You can short-circuit negative thinking by sitting down and figuring out the first problem together.
That alone can help him remember how to do the rest.
If you don’t hear back from the teacher in a few days, or your child is still clueless on the next assignment, follow up with an e-mail.
Most teachers will be understanding if a student does this once in a while, says Grace, but if your child frequently fails to finish her assignments, there will probably be a consequence. Change the Scene: Best for Daydreamers Something as simple as a special place to work can boost a child’s motivation and, in turn, his confidence.
Then heap on the praise: “You did a great job on that one!
Try the next one now.” Another strategy: Have your child show you similar problems he worked on in class. Cut It in Half: Best for the Overwhelmed That’s right — you can make an executive decision to lighten your child’s load for a night, if: If your child is completely lost, you can excuse her entirely.Ed., a former teacher and author of Homework Made Simple.The study buddy can read your child the spelling words over the phone, or his mom can snap a pic of the worksheet and text it to you. Build Confidence: Best for the Intimidated When kids don’t get something right away, they may feel like they’re stupid and start to shut down, says Sigrid Grace, a second-grade teacher in Almont, MI, and a member of Scholastic Parent & Child’s advisory board.Thanks to work in a team, a child develops critical skills faster. While some tutors support the idea of doing homework with your parent or friends, others believe that it prevents kids from being independent and researching the issue in-depth. In this post, we will find out whether parents must take an active part in the process of learning or not and where to get help with homework.The primary question is how much after-class tasks is too much.If you work, that means homework duties will fall to the after-school caregiver.This way, the bulk of it can get done before your kiddo’s too pooped — and you can just review and wrap things up once you get home.
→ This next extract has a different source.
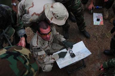 Keywords: Exercise Quickshot 2009 DVIDS172951.jpg en Petty Officer 1st Class Brandon Raile a mass communication specialist assigned to Fleet Combat Camera Group Pacific shows students how to align maps to magnetic north during a land navigation class The class is part of Exercise Qucikshot 2009 a semi-annual field training exercise designed to teach combat camera personnel and NATO forces how to operate in a combat environment <br>Unit Navy Media Content Services 2009-08-12 https //www dvidshub net/image/172951/exercise-quickshot-2009 090812-N-+++++-019 2009-05-19 11 42 CAMP PENDLETON CA US PD-USGov-Military-Navy Marine Corps Base Camp Pendleton Images from DoD uploaded by Fæ |

Create a Call List: Best for Forgetters From kindergarten on, kids need a list of three or four classmates they can call on when they forget an assignment, says Ann Dolin, M.That may jog his memory so he can retrace the steps. In the other cases, shorten the assignment, says Cathy Vatterott, Ph. Louis professor of education and author of Rethinking Homework. “Have your child write a note explaining,” says Vatterott.If she’s too young, write it yourself (with her input) and have her sign it.If your kid’s teacher doesn’t, show your child how to “scaffold” the assignment yourself, says Dr. Together, divide the project into steps, then help her estimate how much time each will take.Get a weekly or monthly calendar, and then write down which steps she’ll tackle when — and for how long.